Dont add ext def to report (#130)

himynamesdave · fqrious · web-flow · commit 6c107108b408 · 2025-02-25T06:42:20.000Z
* remove ext defs from report.object_refs #126 * make `incident_classification` a list #127 --------- Co-authored-by: Fadl <chaos@efqr.dev>
diff --git a/txt2stix/ai_extractor/utils.py b/txt2stix/ai_extractor/utils.py
@@ -33,7 +33,7 @@ class RelationshipList(BaseModel):
 class DescribesIncident(BaseModel):
     describes_incident: bool = Field(description="does the <document> include malware analysis, APT group reports, data breaches and vulnerabilities?")
     explanation: str = Field(description="Two or three sentence summary of the incidents it describes OR summary of what it describes instead of an incident")

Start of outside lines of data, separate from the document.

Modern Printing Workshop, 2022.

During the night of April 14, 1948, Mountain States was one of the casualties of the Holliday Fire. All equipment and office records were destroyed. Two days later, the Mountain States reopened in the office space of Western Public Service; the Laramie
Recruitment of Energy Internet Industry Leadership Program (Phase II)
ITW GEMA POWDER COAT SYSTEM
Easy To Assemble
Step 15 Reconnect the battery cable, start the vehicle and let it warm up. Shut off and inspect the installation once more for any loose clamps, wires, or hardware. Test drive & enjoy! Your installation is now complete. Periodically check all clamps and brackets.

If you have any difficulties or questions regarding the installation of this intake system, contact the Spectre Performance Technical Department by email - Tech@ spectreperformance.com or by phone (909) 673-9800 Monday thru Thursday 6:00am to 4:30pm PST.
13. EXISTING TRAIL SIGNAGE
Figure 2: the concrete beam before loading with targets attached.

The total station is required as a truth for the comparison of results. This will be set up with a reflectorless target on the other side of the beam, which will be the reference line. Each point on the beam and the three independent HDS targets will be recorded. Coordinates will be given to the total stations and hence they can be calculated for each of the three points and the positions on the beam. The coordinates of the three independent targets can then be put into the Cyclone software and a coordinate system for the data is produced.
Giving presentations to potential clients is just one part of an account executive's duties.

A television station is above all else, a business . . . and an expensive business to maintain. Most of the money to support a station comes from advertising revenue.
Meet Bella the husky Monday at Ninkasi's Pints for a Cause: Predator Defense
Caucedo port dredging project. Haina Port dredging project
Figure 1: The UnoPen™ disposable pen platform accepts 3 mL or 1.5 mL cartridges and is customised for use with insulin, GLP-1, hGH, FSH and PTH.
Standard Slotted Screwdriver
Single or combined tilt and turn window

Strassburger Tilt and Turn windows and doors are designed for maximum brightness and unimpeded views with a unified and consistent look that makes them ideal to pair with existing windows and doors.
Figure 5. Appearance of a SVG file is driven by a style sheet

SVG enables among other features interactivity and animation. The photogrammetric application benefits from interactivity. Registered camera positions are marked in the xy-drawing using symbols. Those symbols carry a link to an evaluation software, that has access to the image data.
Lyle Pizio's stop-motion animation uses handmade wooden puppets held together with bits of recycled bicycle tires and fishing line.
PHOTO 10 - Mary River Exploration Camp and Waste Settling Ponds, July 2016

-    incident_classification : str = Field(description="One of valid incident classifications that best describes this document/report")
+    incident_classification : list[str] = Field(description="All the valid incident classifications that describe this document/report")
 
 class AttackFlowItem(BaseModel):
     position : int = Field(description="order of object starting at 0")
diff --git a/txt2stix/stix.py b/txt2stix/stix.py
@@ -240,6 +240,7 @@ def __init__(
             confidence=confidence,
         )
         self.report.object_refs.clear()  # clear object refs
+        self.added_objects = set()
         self.set_defaults()
 
     def set_defaults(self):
@@ -264,18 +265,20 @@ def add_extension(self, object):
             logger.info(f'getting extension definition for "{_type}" from `{url}`')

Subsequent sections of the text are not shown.